ACTION ITEM: Starting with the opening line of the entries below, transcribe each line exactly up to and including the one that has "Игровой автомат Majestic"; pictures are not copied.

Entries taken from a collection
======
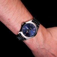 Корпус: Корпус выполнен из нержавеющей стали 316L. Циферблат синий. Минеральное стекло с сапфировым покрытием. Заводная головка с защитой. Диаметр корпуса составляет 42 мм. Водостойкость: 50 метров.
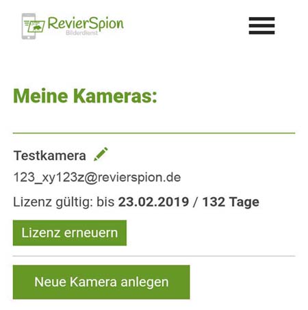 Bei "Email Setting" muss man jetzt eine Verbindung zur RevierSpion App herstellen. Falls noch nicht erfolgt, bitte beim RevierSpion Bilderdienst (Online oder in der App "RevierSpion") registrieren. Unter "Mein Konto" finden Sie den Punkt "Meine Kameras". Dort bitte eine neue Kamera anlegen. Die Bezeichnung kann frei gewählt werden wie "Kirrung" oder "Suhle" und auf Speichern klicken. Jetzt wird die Kamera unter "Meine Kameras" aufgelistet und hat eine eigene eMail-Adresse bekommen, welche Sie in der Spalte "ID / E-Mail Adresse" finden.
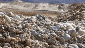 Dort schütten sie den Rohkies in einen in einen großen Trichter. Alles, was dicker als 15 Zentimeter ist, wird aussortiert. Der Rest läuft über Fließbänder in die Aufbereitungsanlagen. Alle Steine mit bis zu 32 Millimetern Durchmesser werden als Betonkiese verarbeitet. Die dickeren Steine werden in mehreren Brechvorgängen zu Schotter oder Splitt gebrochen.
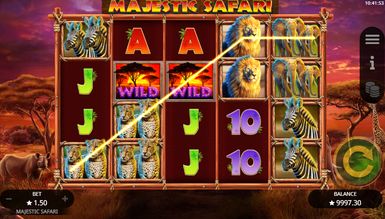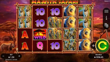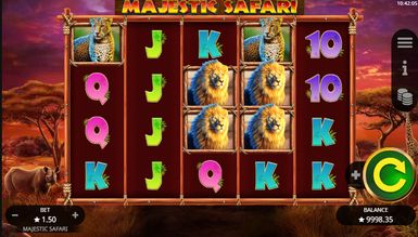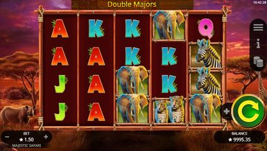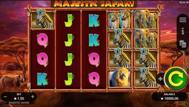Игровой автомат Majestic Safari — это выпуск Booming Games с 5 вертикальными катушками и 50 полосами для комбинаций. Аппарат имеет высококачественную графику. На главном экране пользователи могут найти анимированных животных в саванне на заднем плане и значки с высоким разрешением. Музыка, особенно барабаны, создаст атмосферу, которая заставит почувствовать себя в центре саванны. Это игра с фиксированными линиями выплат, оснащена бонусами: фри-спины и ре-спины.
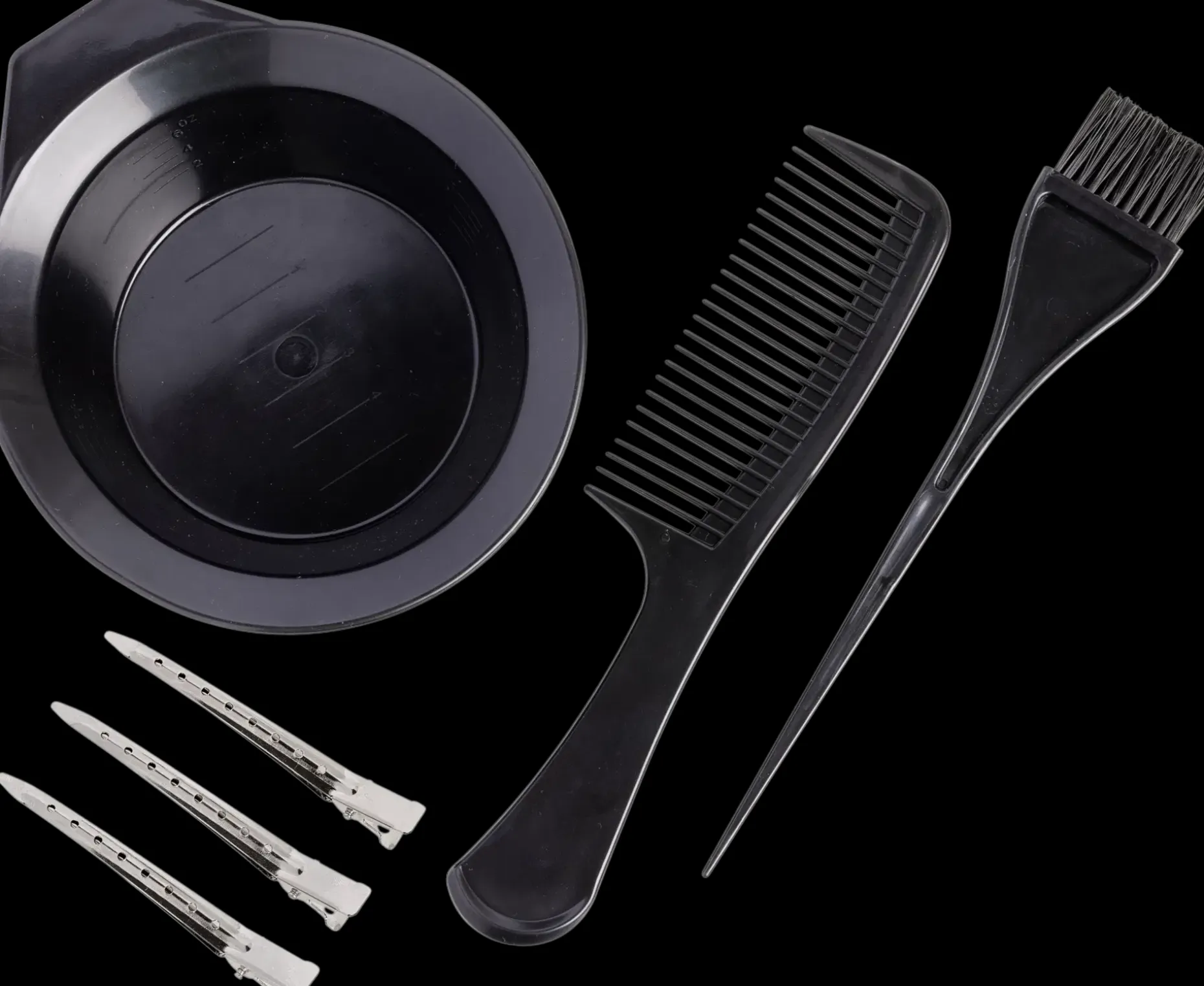 Sisältää astian hiusvärien sekoittamiseen, siveltimen hiusvärin levittämiseen, hiusklipsejä 3kpl hiusosioiden paikallaanpitämiseen/jaotteluun ja leveähampaiseen kamman hiusten kampaamiseen ja hiusvärin tasaiseen levittämiseen latvoihin asti.
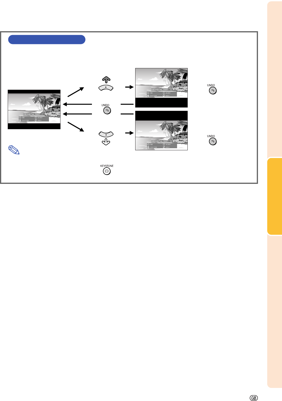 For easier viewing, this function shifts the entire image projected on
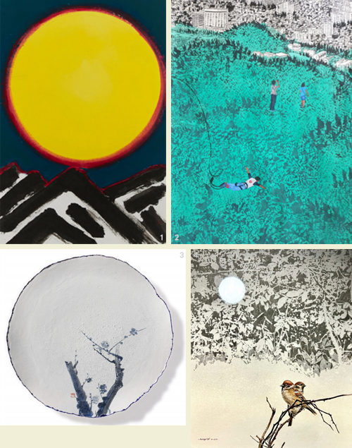 1. 류재춘 作_한국의 달 Korean Moon_90.9×60.6cm_한지에 수묵채색_2024 2. 박능생 作_번지점프(남산에 서다)_75×50cm_화선지에 수묵채색_2023 3. 박석신 作_달을 품다_30×30cm_한지에 수묵채색 에폭시_2024 4. 박성식 作_환희_73×60.5cm_한지에 수묵 채색_2024
======
TASK RESULT:
 Корпус: Корпус выполнен из нержавеющей стали 316L. Циферблат синий. Минеральное стекло с сапфировым покрытием. Заводная головка с защитой. Диаметр корпуса составляет 42 мм. Водостойкость: 50 метров.
 Bei "Email Setting" muss man jetzt eine Verbindung zur RevierSpion App herstellen. Falls noch nicht erfolgt, bitte beim RevierSpion Bilderdienst (Online oder in der App "RevierSpion") registrieren. Unter "Mein Konto" finden Sie den Punkt "Meine Kameras". Dort bitte eine neue Kamera anlegen. Die Bezeichnung kann frei gewählt werden wie "Kirrung" oder "Suhle" und auf Speichern klicken. Jetzt wird die Kamera unter "Meine Kameras" aufgelistet und hat eine eigene eMail-Adresse bekommen, welche Sie in der Spalte "ID / E-Mail Adresse" finden.
 Dort schütten sie den Rohkies in einen in einen großen Trichter. Alles, was dicker als 15 Zentimeter ist, wird aussortiert. Der Rest läuft über Fließbänder in die Aufbereitungsanlagen. Alle Steine mit bis zu 32 Millimetern Durchmesser werden als Betonkiese verarbeitet. Die dickeren Steine werden in mehreren Brechvorgängen zu Schotter oder Splitt gebrochen.
Игровой автомат Majestic Safari — это выпуск Booming Games с 5 вертикальными катушками и 50 полосами для комбинаций. Аппарат имеет высококачественную графику. На главном экране пользователи могут найти анимированных животных в саванне на заднем плане и значки с высоким разрешением. Музыка, особенно барабаны, создаст атмосферу, которая заставит почувствовать себя в центре саванны. Это игра с фиксированными линиями выплат, оснащена бонусами: фри-спины и ре-спины.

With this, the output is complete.